Your response to the data below should hold nothing except the lines from the one containing "COOFANDY Mens Pullover" down to the one containing "Interior - Original", reproduced exactly and without pictures.

### Exercise inputs
==*==

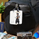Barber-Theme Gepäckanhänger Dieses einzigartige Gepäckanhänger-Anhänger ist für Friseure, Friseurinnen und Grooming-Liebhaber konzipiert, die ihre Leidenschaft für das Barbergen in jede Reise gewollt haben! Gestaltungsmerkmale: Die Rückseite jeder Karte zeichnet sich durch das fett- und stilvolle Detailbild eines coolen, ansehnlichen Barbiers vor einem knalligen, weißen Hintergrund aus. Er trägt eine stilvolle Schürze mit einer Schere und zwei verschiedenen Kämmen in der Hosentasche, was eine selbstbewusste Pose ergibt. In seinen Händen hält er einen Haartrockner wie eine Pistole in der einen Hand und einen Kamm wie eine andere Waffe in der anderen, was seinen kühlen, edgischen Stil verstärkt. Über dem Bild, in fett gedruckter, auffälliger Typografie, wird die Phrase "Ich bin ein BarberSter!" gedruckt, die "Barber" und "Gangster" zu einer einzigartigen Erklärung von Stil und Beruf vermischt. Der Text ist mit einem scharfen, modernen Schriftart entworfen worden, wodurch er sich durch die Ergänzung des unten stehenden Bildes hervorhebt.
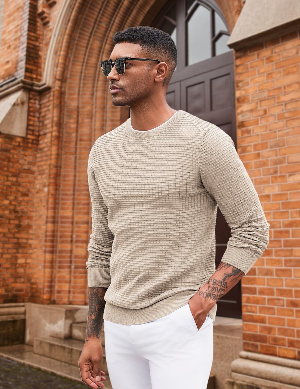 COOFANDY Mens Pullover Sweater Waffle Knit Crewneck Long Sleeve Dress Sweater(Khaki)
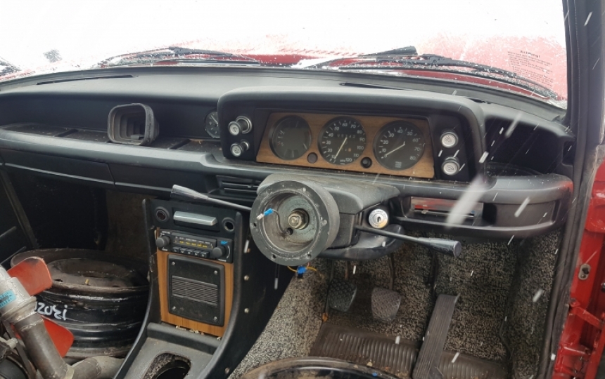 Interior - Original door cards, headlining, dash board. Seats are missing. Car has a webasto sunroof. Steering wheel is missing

==*==

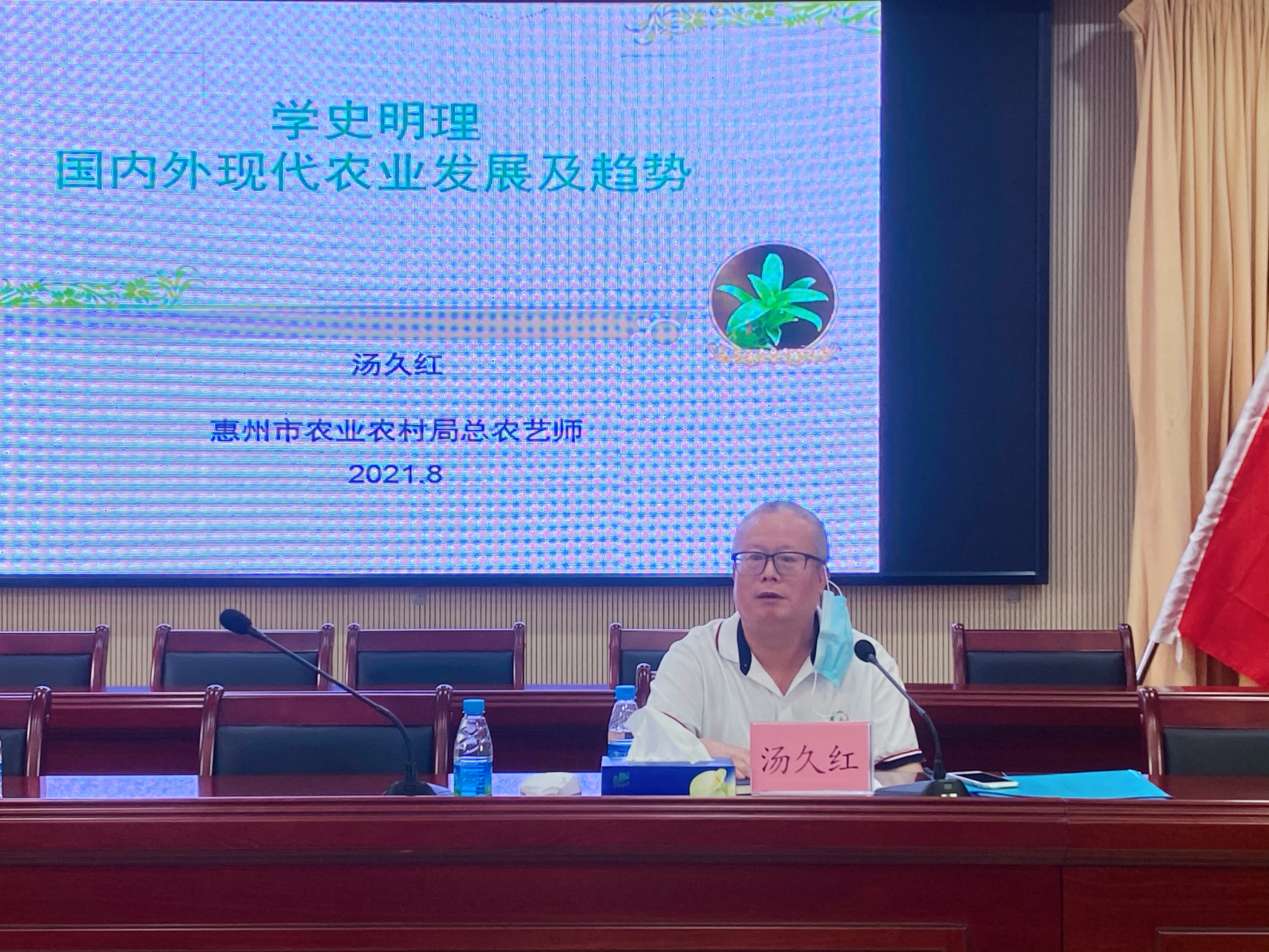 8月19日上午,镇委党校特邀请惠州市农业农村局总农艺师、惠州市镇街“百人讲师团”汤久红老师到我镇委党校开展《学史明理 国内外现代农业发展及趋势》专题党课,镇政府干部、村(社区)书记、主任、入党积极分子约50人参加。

==*==

### Completed exercise
 COOFANDY Mens Pullover Sweater Waffle Knit Crewneck Long Sleeve Dress Sweater(Khaki)
 Interior - Original door cards, headlining, dash board. Seats are missing. Car has a webasto sunroof. Steering wheel is missing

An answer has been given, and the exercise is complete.